Eisen Jeffrey C, Marko-Holguin Monika, Fogel Joshua, Cardenas Alonso, Bahn My, Bradford Nathan, Fagan Blake, Wiedmann Peggy, Van Voorhees Benjamin W
Department of Pediatrics, University of Illinois at Chicago, Chicago, Illinois (Ms Marko-Holguin and Dr Van Voorhees); Department of Psychiatry, Harvard Medical School, Cambridge Health Alliance, Cambridge, Massachusetts (Dr Eisen); Department of Finance and Business Management, Brooklyn College of the City University of New York, Brooklyn (Dr Fogel); Department of Medicine, University of Chicago, Chicago, Illinois (Mr Cardenas and Dr Bahn); Department of Family Medicine, Anderson Area Medical Center, Anderson, South Carolina (Dr Bradford); Department of Family Medicine, University of North Carolina-Chapel Hill at the Mountain Area Health Education Center, Asheville, North Carolina (Dr Fagan); and Advocate Healthcare, Chicago, Illinois (Dr Wiedmann).
Prim Care Companion CNS Disord. 2013;15(6). doi: 10.4088/PCC.10m01065. Epub 2013 Dec 19.
To explore the implementation of CATCH-IT (Competent Adulthood Transition with Cognitive-behavioral Humanistic and Interpersonal Training), an Internet-based depression intervention program in 12 primary care sites, occurring as part of a randomized clinical trial comparing 2 versions of the intervention (motivational interview + Internet program versus brief advice + Internet program) in 83 adolescents aged 14 to 21 years recruited from February 1, 2007, to November 31, 2007.
The CATCH-IT intervention model consists of primary care screening to assess risk, a primary care physician interview to encourage participation, and 14 online modules of Internet training to teach adolescents how to reduce behaviors that increase vulnerability to depressive disorders. Specifically, we evaluated this program from both a management/organizational behavioral perspective (provider attitudes and demonstrated competence) and a clinical outcomes perspective (depressed mood scores) using the RE-AIM model (Reach, Efficacy, Adoption, Implementation, and Maintenance of the intervention).
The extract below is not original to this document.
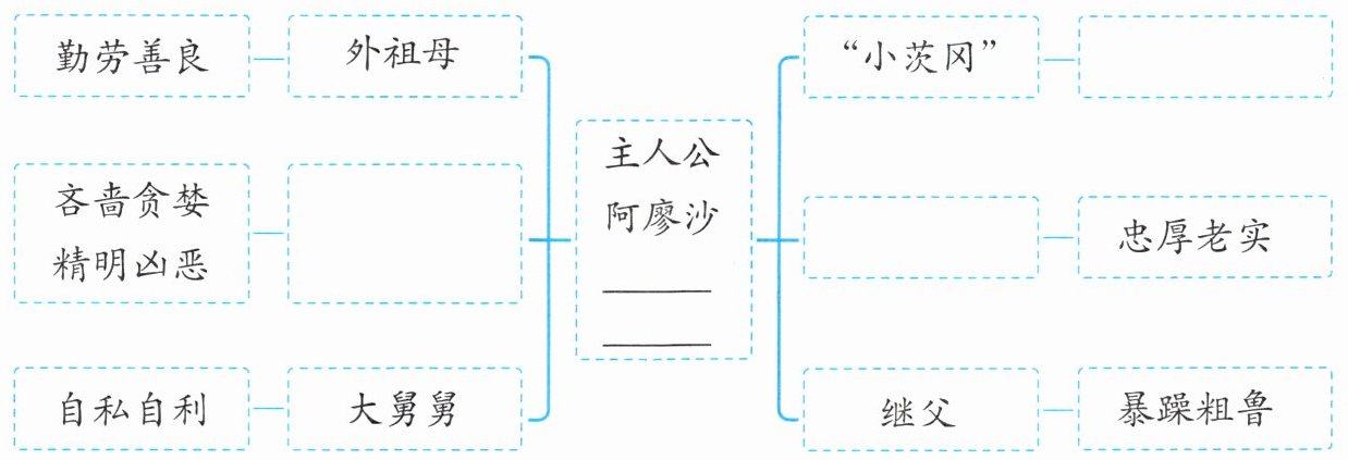(1)本学期我们一起读了《童年》一书,请你把下面的人物图谱补充完整。
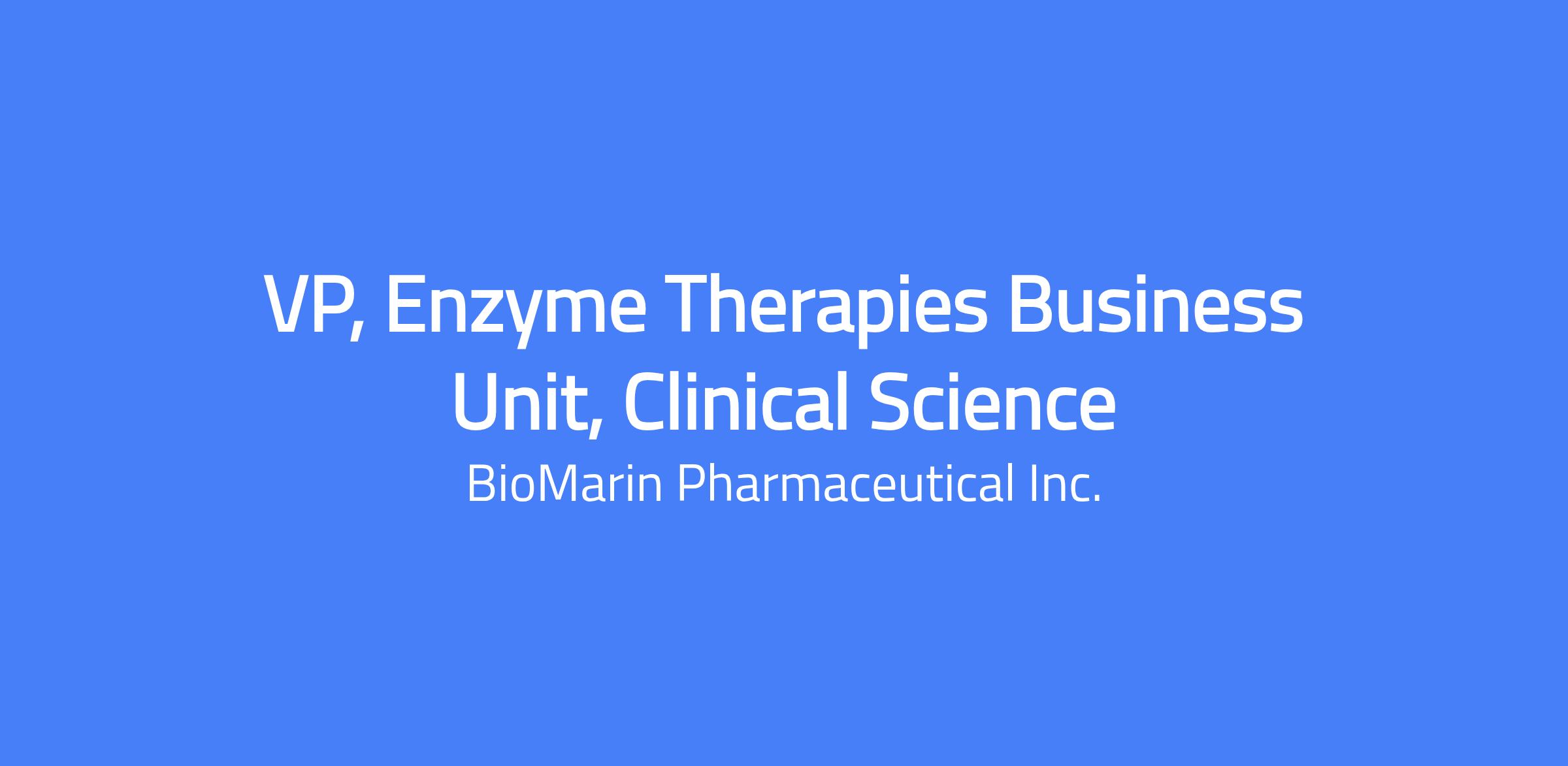 The Vice President, Enzyme Therapies, Clinical Development is the head of R&D for BioMarin’s Enzyme Therapies Business Unit (BU), responsible for overall strategic direction, development, and lifecycle management of BU pipeline assets.

While results varied by clinic, overall, clinics demonstrated satisfactory reach, efficacy, adoption, implementation, and maintenance of the CATCH-IT depression prevention program. Measures of program implementation and management predicted clinical outcomes at practices in exploratory analyses.
Multidisciplinary approaches may be essential to evaluating the impact of complex interventions to prevent depression in community settings. Primary care physicians and nurses can use Internet-based programs to create a feasible and cost-effective model for the prevention of mental disorders in adolescents in primary care settings.
ClinicalTrials.gov identifiers: NCT00152529 and NCT00145912.
探讨“CATCH - IT”(具备认知行为、人文及人际训练的成年期能力过渡)这一基于互联网的抑郁症干预项目在12个初级保健场所的实施情况,该项目是一项随机临床试验的一部分,该试验比较了两种干预方式(动机性访谈 + 互联网项目与简短建议 + 互联网项目),研究对象为2007年2月1日至2007年11月31日招募的83名14至21岁的青少年。
“CATCH - IT”干预模式包括初级保健筛查以评估风险、初级保健医生访谈以鼓励参与,以及14个在线互联网训练模块,教导青少年如何减少增加患抑郁症易感性的行为。具体而言,我们使用RE - AIM模型(干预的覆盖范围、效果、采用情况、实施情况和维持情况)从管理/组织行为角度(提供者态度和表现出的能力)和临床结果角度(抑郁情绪评分)对该项目进行了评估。
虽然各诊所的结果有所不同,但总体而言,诊所对“CATCH - IT”抑郁症预防项目的覆盖范围、效果、采用情况、实施情况和维持情况均令人满意。在探索性分析中,项目实施和管理的指标预测了各诊所的临床结果。
多学科方法对于评估社区环境中预防抑郁症的复杂干预措施的影响可能至关重要。初级保健医生和护士可以使用基于互联网的项目,为初级保健环境中预防青少年精神障碍创建一个可行且具有成本效益的模式。
ClinicalTrials.gov标识符:NCT00152529和NCT00145912。